Mal A. at 09:24 AM on 2 January, 2018

I’m baffled by the confidence displayed by both deniers of anthropogenic global warming and conspiracists. 
What follows may be sloganeering, but I’m taking the chance on fooling myself that it isn’t ;^).

As the son of a science professor, educated in the public schools of a university town, I came early to regard science first and foremost as a way of trying not to be fooled
(“The first principle is that you must not fool yourself — and you are the easiest person to fool.” -R Feynman).
Half a lifetime later, it’s still all too easy to fool me, but AFAICT AGW deniers aren’t even trying. They make no serious effort to distinguish real from fake news,
because they fail to acknowledge how easy it is to fool them.
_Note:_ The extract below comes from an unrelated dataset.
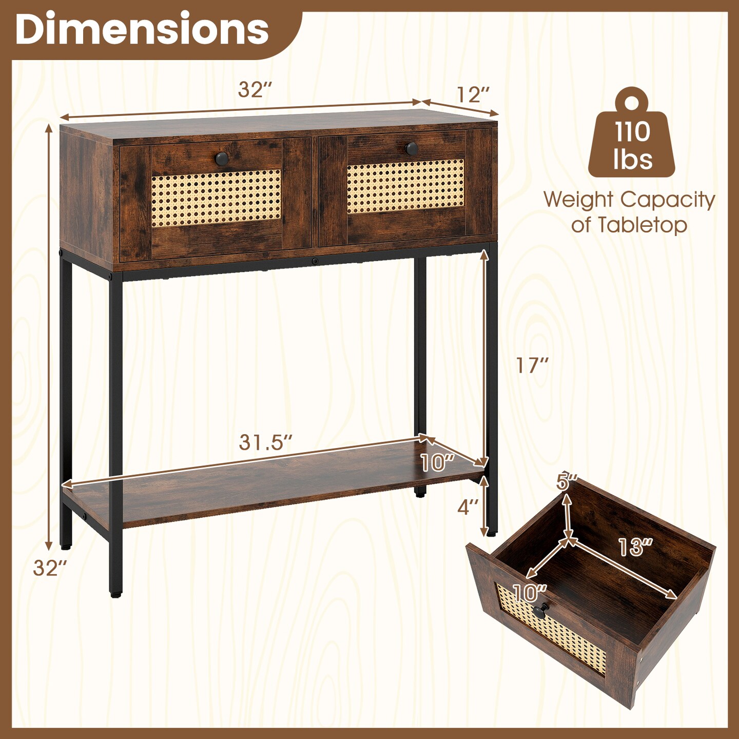 Console Table with 2 Drawers and Storage Shelf, Rattan Front Entryway Table with Metal Legs

Conspiracist AGW-deniers, especially, seem uncomfortable with ambiguity, and readily succumb to the appeal of certainty. 
They may be wrong, but at least they’re sure, and they don’t ‘do’ nuance!

Genuine skeptics, OTOH, learn to quantify ambiguity, and give up on absolute certainty. 
They are willing to consider action based on what’s most likely, despite known unknowns, and with awareness of the potential role for self-aggrandizement.
Non-specialists may lack effective skills to evaluate genuine expertise;
but why would a soi-disant ‘global warming skeptic’ be suspicious of working climate scientists, and not at least as suspicious of anyone else?

IOW: yes, it’s remotely possible AGW is a 190-year-old hoax, but it’s more likely the conspiracists are fooling themselves.